§ TASK: Exactly the lines below, starting with the one containing "SUMAR LOS NUMERADORES" and going on through the one containing "As part of his", must be reproduced, both ends included, and no pictures with them.

§ TASK MATERIAL:

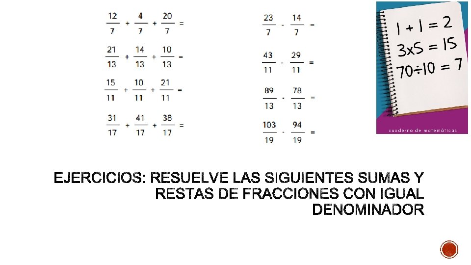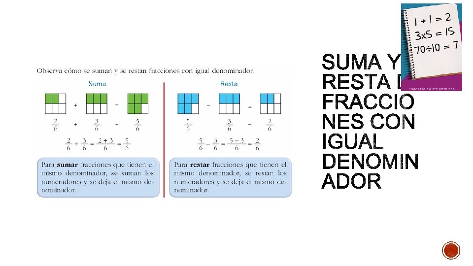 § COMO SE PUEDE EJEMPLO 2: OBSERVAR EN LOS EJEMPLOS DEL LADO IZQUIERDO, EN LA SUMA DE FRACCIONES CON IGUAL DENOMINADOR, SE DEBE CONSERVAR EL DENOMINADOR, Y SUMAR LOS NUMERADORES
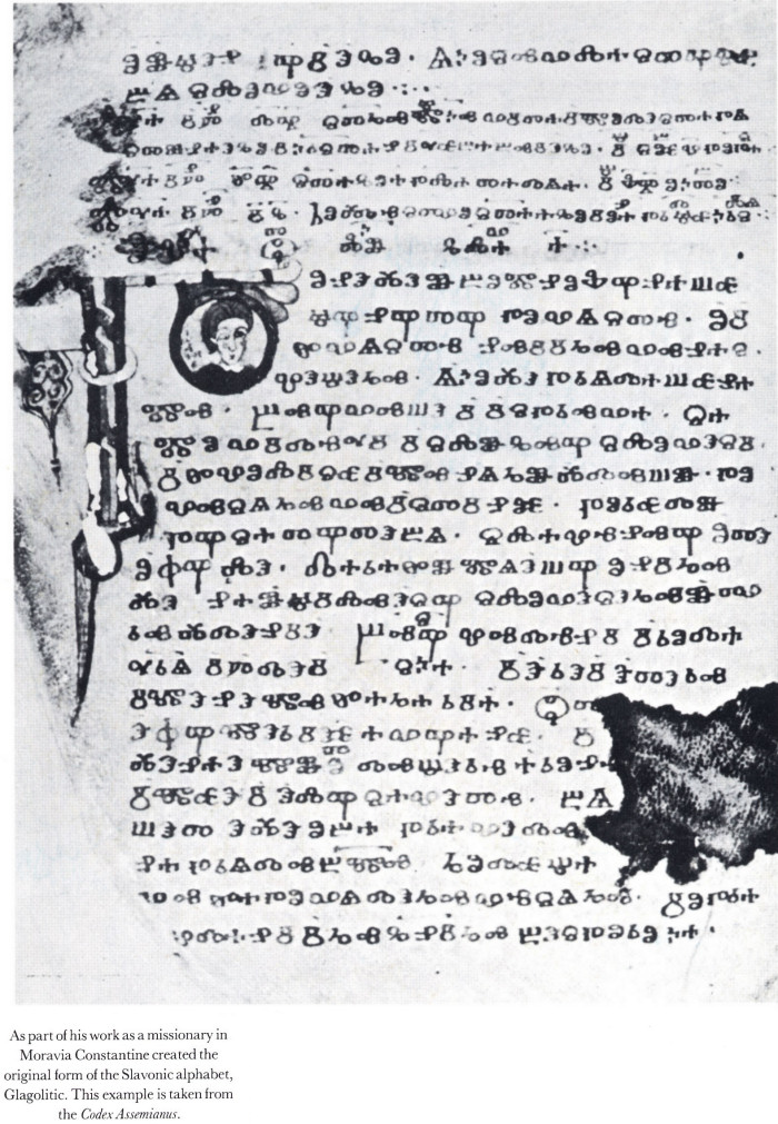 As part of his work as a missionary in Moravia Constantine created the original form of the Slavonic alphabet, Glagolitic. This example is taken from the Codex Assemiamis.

...

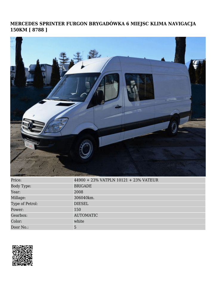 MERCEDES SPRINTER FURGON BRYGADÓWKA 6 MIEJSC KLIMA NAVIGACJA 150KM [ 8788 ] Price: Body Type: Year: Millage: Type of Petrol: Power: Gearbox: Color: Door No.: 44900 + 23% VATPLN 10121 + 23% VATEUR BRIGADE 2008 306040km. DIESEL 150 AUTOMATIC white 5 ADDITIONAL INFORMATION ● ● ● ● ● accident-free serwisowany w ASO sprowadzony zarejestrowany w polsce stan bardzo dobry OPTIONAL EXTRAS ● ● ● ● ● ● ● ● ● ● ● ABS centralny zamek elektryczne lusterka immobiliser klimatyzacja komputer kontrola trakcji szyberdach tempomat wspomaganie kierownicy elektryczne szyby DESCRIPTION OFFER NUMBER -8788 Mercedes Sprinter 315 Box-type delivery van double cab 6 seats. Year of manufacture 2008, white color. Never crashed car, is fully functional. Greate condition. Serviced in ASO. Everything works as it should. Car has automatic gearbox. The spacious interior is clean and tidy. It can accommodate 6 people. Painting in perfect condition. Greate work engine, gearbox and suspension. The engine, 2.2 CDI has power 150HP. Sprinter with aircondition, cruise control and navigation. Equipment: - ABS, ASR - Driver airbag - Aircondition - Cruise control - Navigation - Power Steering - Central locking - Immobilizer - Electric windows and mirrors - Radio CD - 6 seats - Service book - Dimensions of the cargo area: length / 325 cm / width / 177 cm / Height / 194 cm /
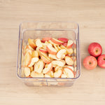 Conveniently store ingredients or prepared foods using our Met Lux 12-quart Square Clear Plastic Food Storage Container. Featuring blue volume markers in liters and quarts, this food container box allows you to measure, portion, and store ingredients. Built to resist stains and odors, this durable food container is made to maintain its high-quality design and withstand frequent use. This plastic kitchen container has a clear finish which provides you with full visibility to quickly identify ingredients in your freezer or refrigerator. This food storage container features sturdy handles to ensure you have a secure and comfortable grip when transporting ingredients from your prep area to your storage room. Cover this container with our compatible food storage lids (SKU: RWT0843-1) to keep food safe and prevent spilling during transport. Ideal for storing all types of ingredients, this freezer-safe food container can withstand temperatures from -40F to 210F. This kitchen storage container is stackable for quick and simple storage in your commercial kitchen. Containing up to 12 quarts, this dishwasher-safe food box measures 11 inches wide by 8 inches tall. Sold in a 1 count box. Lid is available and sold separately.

§ ANSWER FOR THIS EXERCISE:
 § COMO SE PUEDE EJEMPLO 2: OBSERVAR EN LOS EJEMPLOS DEL LADO IZQUIERDO, EN LA SUMA DE FRACCIONES CON IGUAL DENOMINADOR, SE DEBE CONSERVAR EL DENOMINADOR, Y SUMAR LOS NUMERADORES
 As part of his work as a missionary in Moravia Constantine created the original form of the Slavonic alphabet, Glagolitic. This example is taken from the Codex Assemiamis.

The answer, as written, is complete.